Masaoki Tamura and 正興 田村

No 14-03, IIR Working Paper from Institute of Innovation Research, Hitotsubashi University

Abstract: This article theoretically evaluates the drug pricing policy in Japan and suggest an alternative more efficient policy. The Japanese current pricing rule “R2 rule” causes high drug price and social inefficiency that is similar to the well-known double marginalisation problem.
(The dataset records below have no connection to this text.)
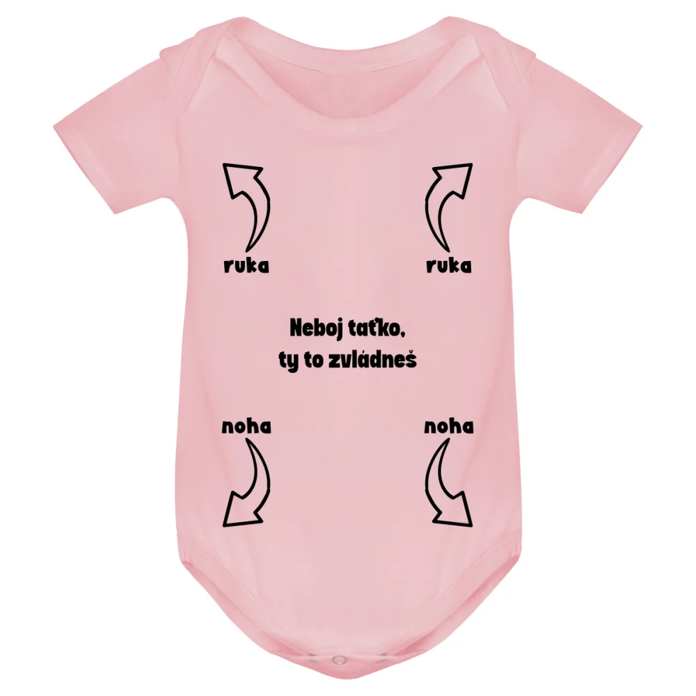 Kojenecké body s potiskem „Neboj taťko, ty to zvládneš“ je vtipný kousek, který ukáže, že i tatínek si poradí s přebalováním. Potisk se šipkami a popisky (ruce, nohy…) pobaví každého a dělá z bodyčka skvělý dárek pro novopečeného otce. Potisk je proveden moderní DTF technologií, která vydrží i časté praní a neztrácí barvy.
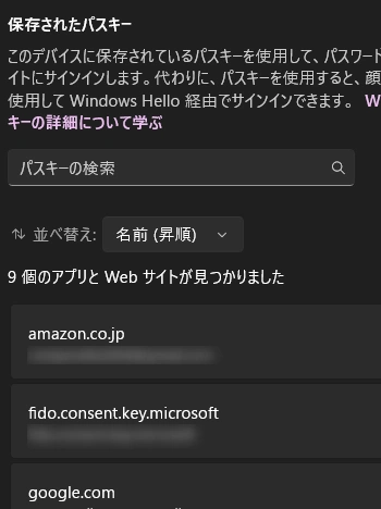 すると、このようにWindowsデバイスに保存したパスキーの一覧が表示されました。
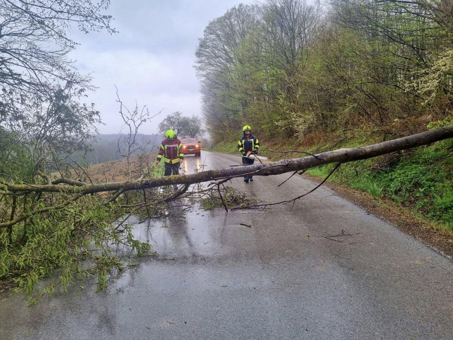 U nekoliko županija zabilježen je povećan broj intervencija uklanjanja stabala i grana s prometnica, doznajemo u Hrvatskoj vatrogasnoj zajednici.
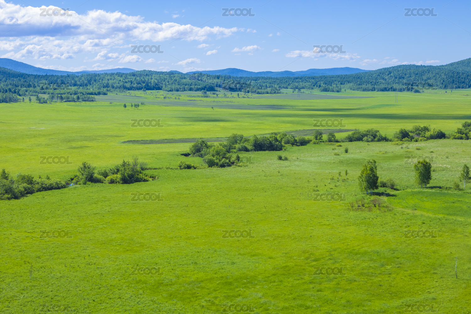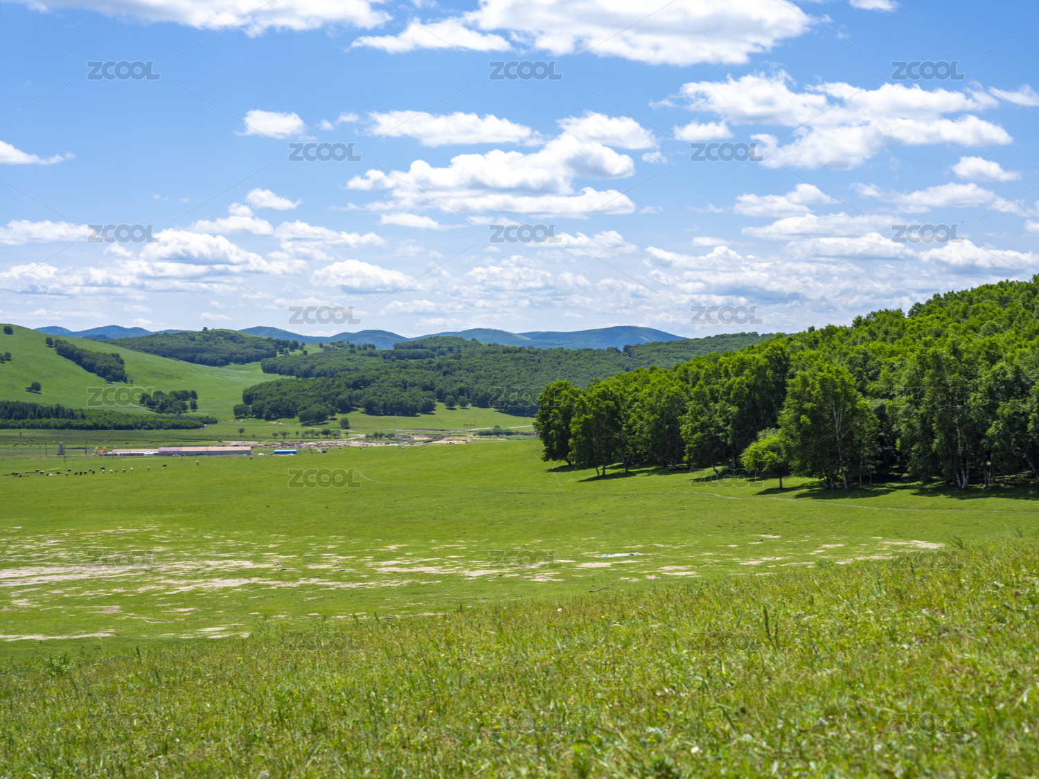 中国大兴安岭蓝天白云下的森林与草地

To solve this problem, we derive an alternative pricing rule that we name “margin rate rule”. We show that the margin rate rule improves Pareto efficiency: the rule leads to both lower drug price and higher profit of the firms. There are three notable advantages in the margin rate rule. First, the government does not have to estimate the demand function, though it has the target price. The pharmaceutical firms, not the government, estimate drug efficacy, competition, and other demand information in pricing drugs. In this sense, the margin rate rule is a decentralised rule, and easy to manage. Second, the government can control the profit share between the firms and pharmacies in order to encourage pharmaceutical innovation. Third, the government can also control the drug-price margins so that meditations are not biased.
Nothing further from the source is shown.